There’s a photograph of her queuing up overnight to get tickets for The Beatles in Manchester wearing a sixties monochrome dress.

She was about 12 at the time and had the blessing of her mother to spend the night camped out on the streets. I wasn’t allowed out past 8pm at that age.

I remember going shopping with mum when I was a teenager when monochrome had come back into fashion – again! It’s when I first heard what was to become her shopping catchphrase.

Sadly, she didn’t think ahead to a time she might have a daughter and save all her clothes.

I could have been the most stylish teenager in town wearing vintage clothes long before vintage ever became fashionable – again!

And that’s the reason I have four wardrobes.

While I’m happy to lead a minimalist life with few possessions, the chaos behind the wardrobe doors reveals a different side to me.

Dresses worn just once are crammed into a wardrobe with 20 pairs of jeans and goodness knows how many skirts. Holiday clothes mixed in with winter jumpers and coats and jackets, bought but rarely worn, are tightly packed on the same hangers.

But I’m simply unable to throw my clothes away.

I might occasionally give a few jumpers or T-shirts to friends, I recently donated a dress to one friend then immediately regretted it after handing it over. I bought it thinking it would suit me, but it took me a while to accept my pear-shaped body doesn’t fit or suit straight-cut dresses.

Luckily, I’ve remained a similar dress size for much of my 20s, but while there are clothes I’d never wear again, I simply cannot throw them out or donate them to a charity shop.

Take the pair of pink cropped trousers I bought from the now defunct clothes chain Morgan. As a teenager it was the place to buy clothes – trendy, affordable and not Topshop.

I teamed the pink trousers with a purple spotted strapless top – for a family wedding! What was I thinking? My lovely aunt and uncle’s wedding snaps ruined by my teenage self.

I once bought a stripy and alarmingly see-through skirt and top to wear to my cousin’s 21st birthday – she’s 33 now and still reminds me of it.

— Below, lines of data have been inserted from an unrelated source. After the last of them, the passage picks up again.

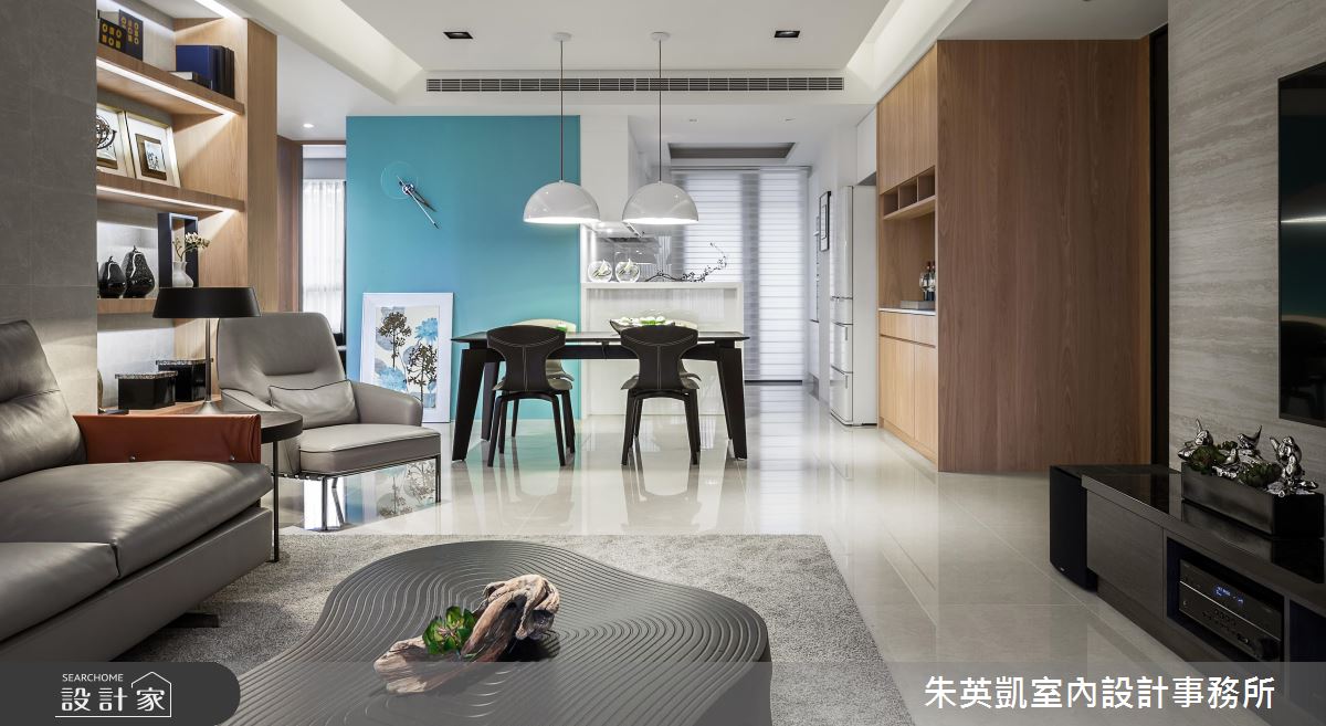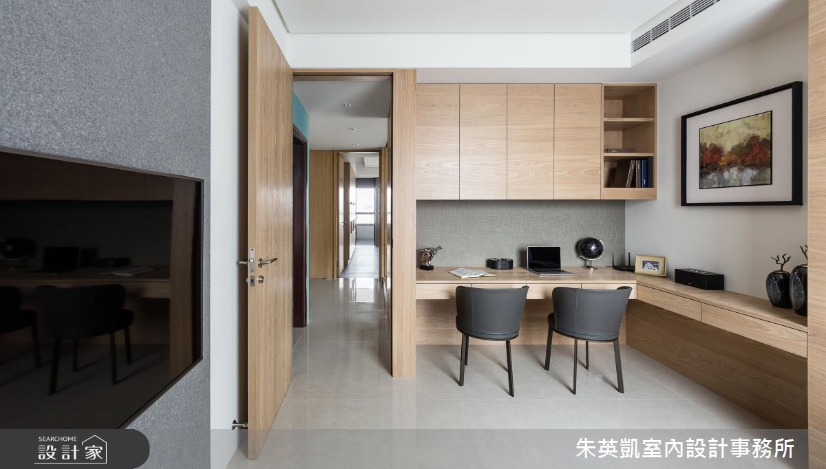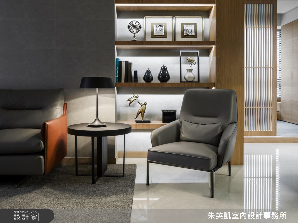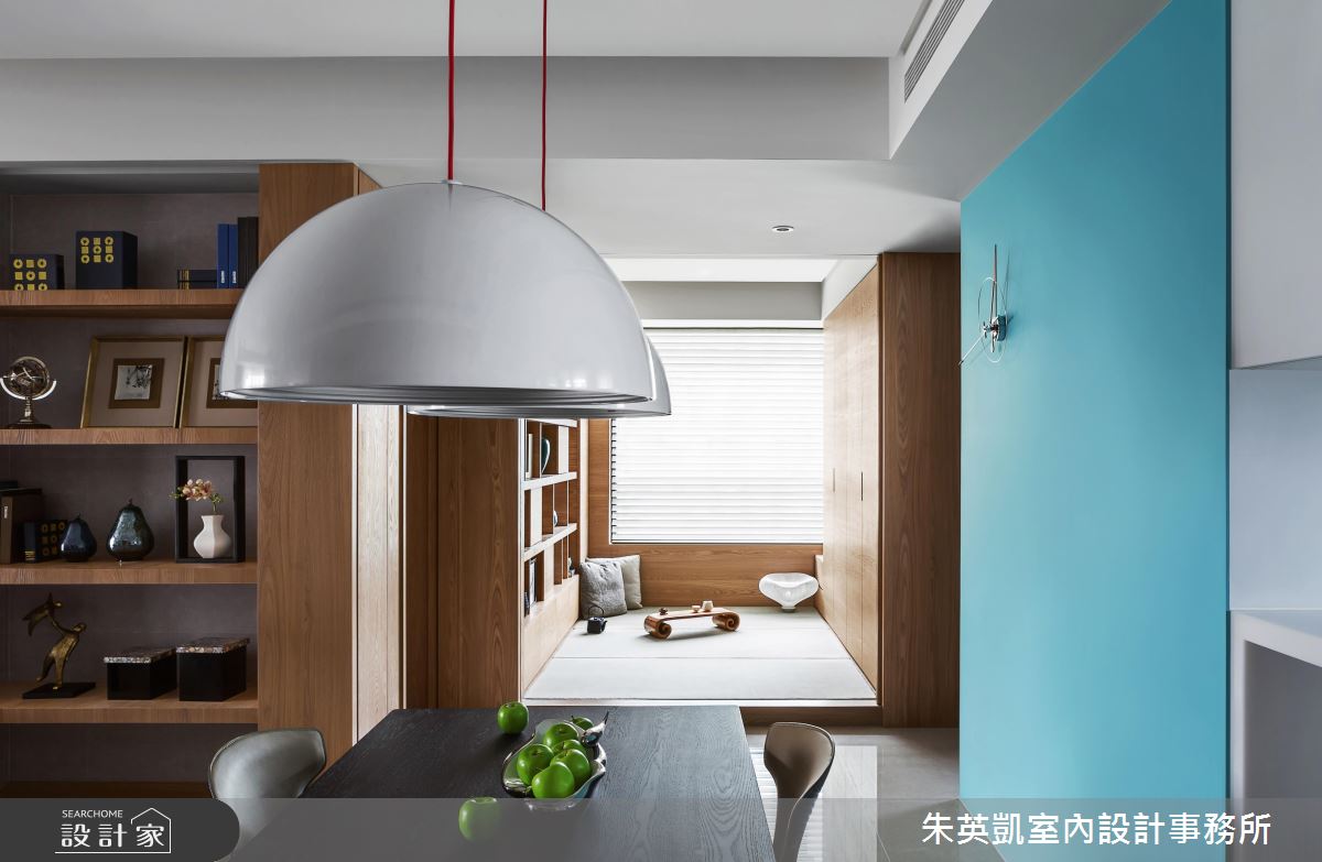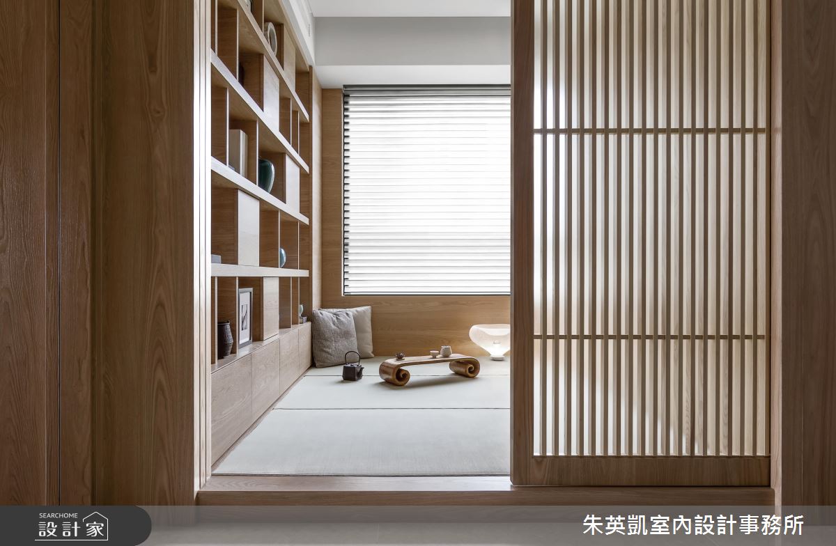 整體空間選用木質家件結合俐落線條,打造出具設計感的現代風貌,並藉由充足日光挹注,傳達出設計師想營造的沉靜感,同時利用光影恣意流轉,活絡開放的公共空間。走入室內,藉由客廳沙發背牆延伸出的展示層架,作為入門端景牆面,考量居者便利性及結合整體空間設計,客、餐、廚配置於同一水平線上,整齊俐落了視覺並方便使用動線。比鄰用餐空間的多功能和室日光充足佐以木質,營造了沉靜減壓氛圍,作為閱覽室能靜心享受閱讀,將一切阻隔於格柵拉門外;作為客房拉上拉門即將場域獨立,讓使用者享有隱私。
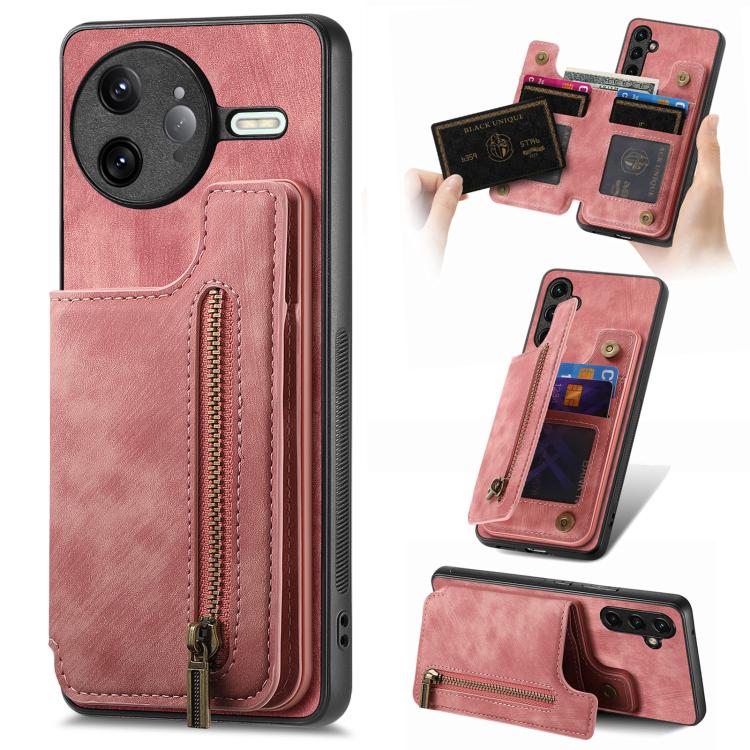 For Redmi K80 Pro / Poco F7 Ultra Retro Leather Zipper Wallet Back Phone Case(Pink)
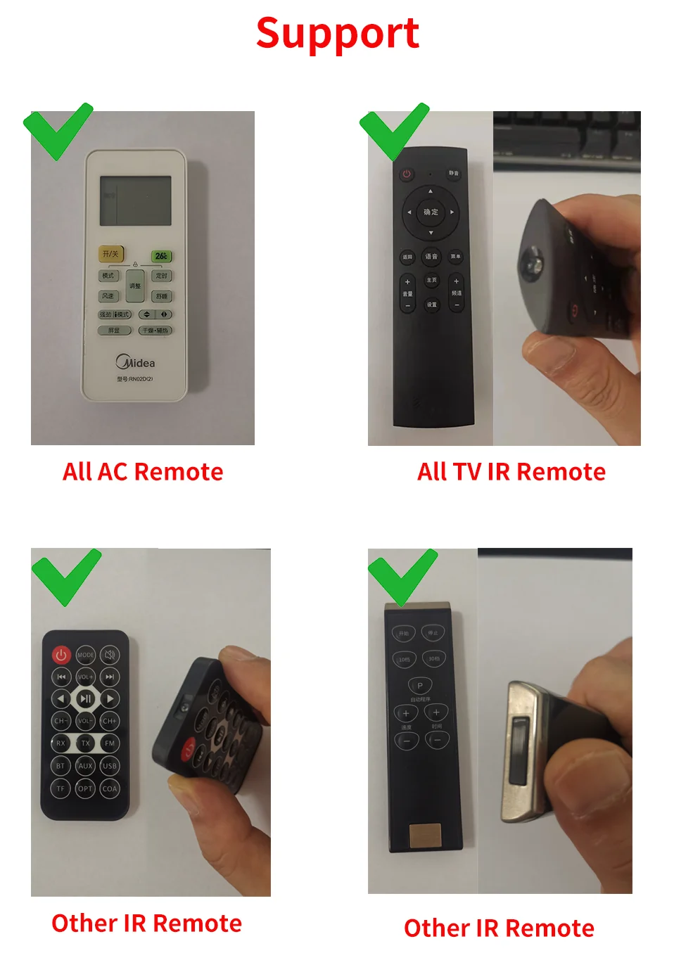 Умный ИК и Радиочастотный пульт поддерживает все инфракрасные пульты и не скользящие радиочастотные пульты кодирования.Но обратите внимание, что пульты 2,4G и Bluetooth Пульты не поддерживаются.Советы:1. Инфракрасный пульт дистанционного управления оснащен инфракрасной светоизлучающей трубкой, или инфракрасная светоизлучающая трубка защищена черным прозрачным окном.2. Длительное нажатие на инфракрасный пульт дистанционного управления для запуска бытовой техники, функция длительного нажатия не поддерживается, другие функции поддерживаются.3. Рулонное кодирование радиочастотных пультов не поддерживается. Вообще говоря, пульт дистанционного управления с кодом качения имеет функцию: нажмите на Радиочастотный пульт дистанционного управления один раз, световой светильник пульта дистанционного управления будет мигать несколько раз.
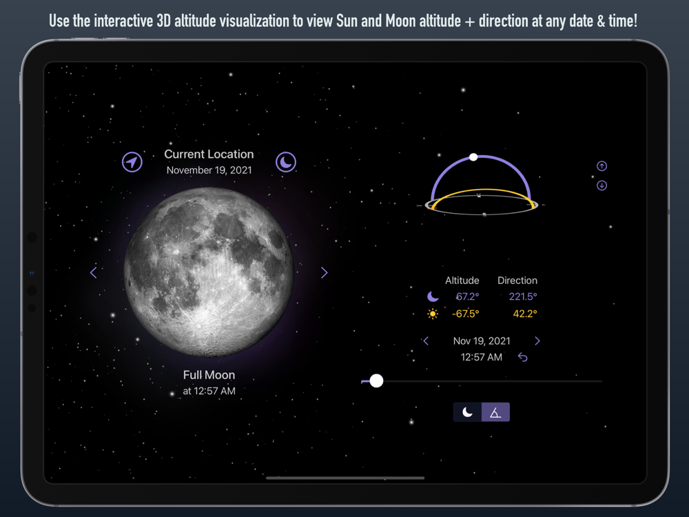 View exact time of the Full Moon and New Moon (from the full moon and new moon chart views).
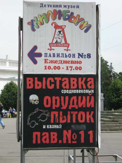 Ну, положим, на снимке ясно видно, что детский музей и орудия пыток в разных павильонах ВВЦ, а вот то, что эти орудия пыток фактически в павильоне с медтехникой - пробирает больше.
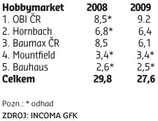 První místo v loňském pořadí největších hobbymarketů v Česku obhájila společnost OBI, jejíž 29 prodejen zvýšilo tržby z 8,5 miliardy korun v roce 2008 na 9,2 miliardy korun. To však byl jediný růst.
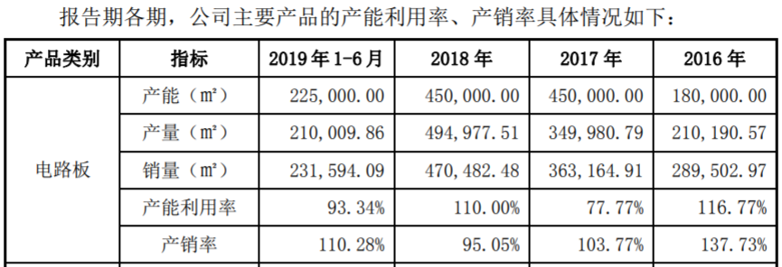 不僅如此,根據招股書第170頁披露的數據,協和電子的電路板產品在2016年和2017年的銷量均大於產量,其中2016年度產銷差為7.93萬平米、2017年為1.32萬平米,這也就意味着在2015年末時,協和電子擁有至少8.25萬平米的電路板產成品存貨。
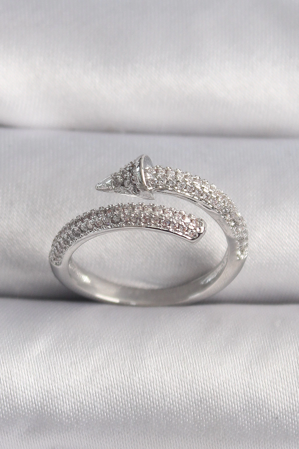 Pirinç Gümüş Renk Zirkon Taşlı Çivi Model Vıp Seri Kadın Yüzük
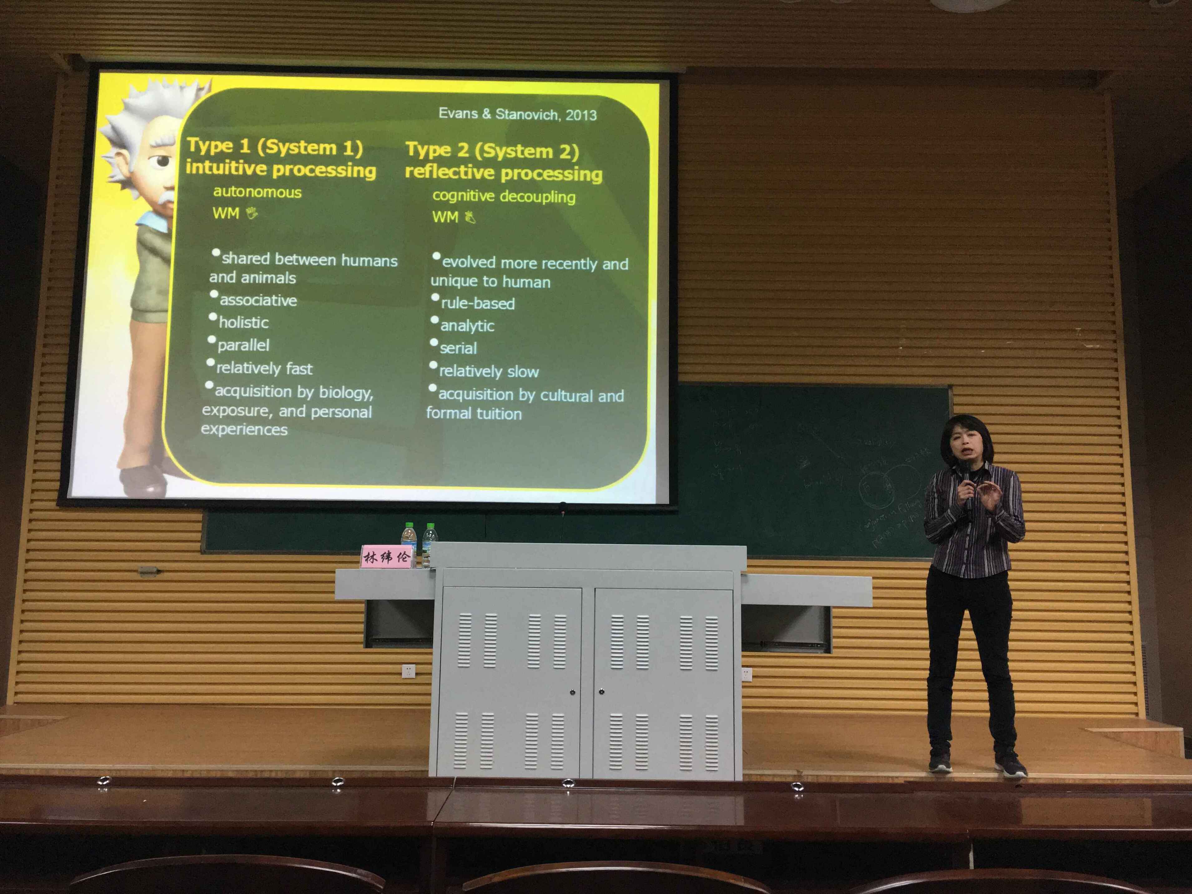 受学院邀请,台湾佛光大学心理学系林纬伦副教授于2018年3月28日14:30-17:00在毅然报告1厅进行了题为《人是理性的吗?——思考心理学中的双历程论》。报告由姜艳斐老师主持,主要由浦京大三学生参加。
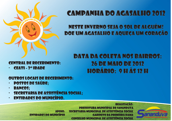 A administração municipal, através da Secretaria de Assistência Social e Gabinete da Primeira-Dama, lança neste mês de maio mais uma edição da Campanha do Agasalho com o slogan “Neste Inverno Seja o Sol de Alguém - Doe Um Agasalho e Aqueça um Coração!”.
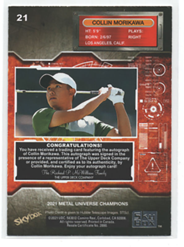 Collin Morikawa 2021 Skybox Metal Universe Champions Base Auto
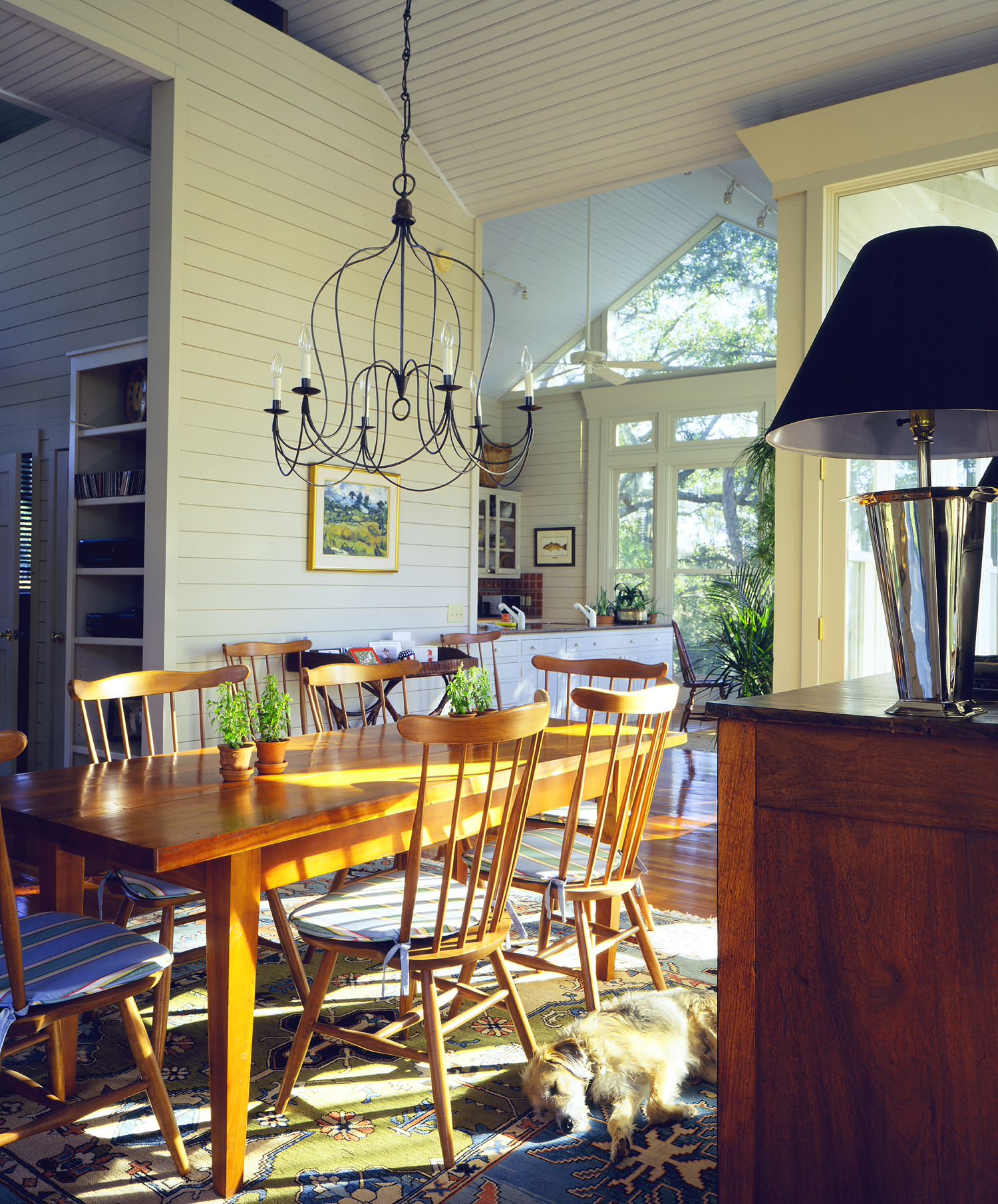 in the kitchen carries on into other rooms. It's a great way to unite different spaces. This strategy could help modryja connect the 1900 section of her lake house with the 70s addition.
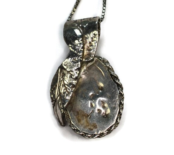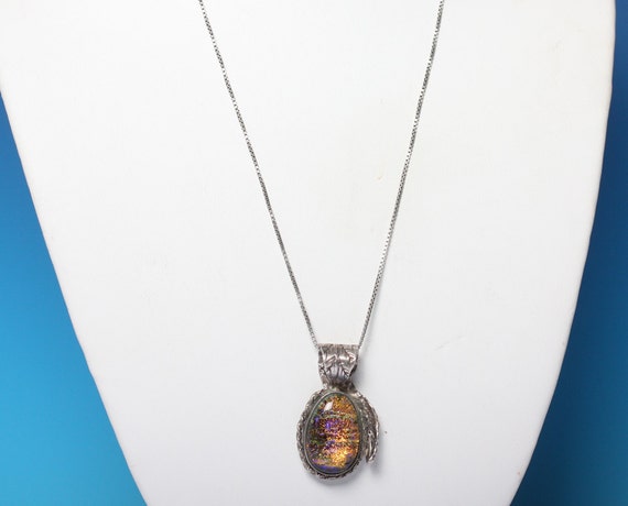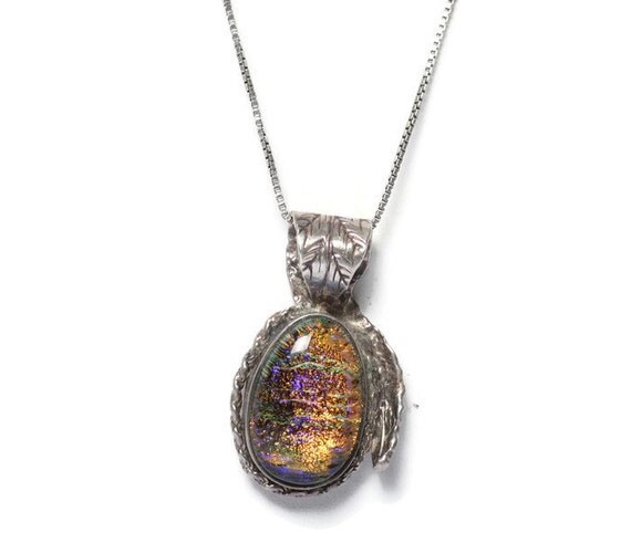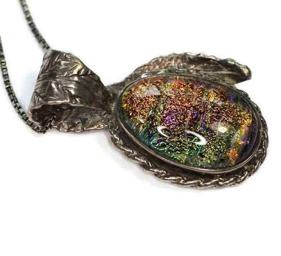15% OFF coupon on Topaz Green Dichroic Glass Sterling Pendant NA Style Necklace Art Glass Vintage by PastSplendors

More worryingly, what were my parents thinking letting me wear it?

I have a pair of black sequined hotpants – bought for a fancy dress party I went to as Lady Gaga – which certainly will never be worn again. Then there’s my Sex and the City-inspired pink tutu which cost me £16 from a Huddersfield shop. An hour later I saw one for £5. I still cannot recall why I bought it.

I have several bridesmaids dresses – one a ballgown style and another simply hideous – but don’t feel like I’m able to get rid of them in case the brides ask to see them again when in nostalgic mood.

And yet I believe, naively, that my idea of fashion nowadays could never look as dated as my mother’s fashion – do we have fashion as iconic as the 60s, 70s and 80s?

If I ever have a daughter, she won’t know what’s hit her. If I don’t, my 90-year-old self will look a right sight!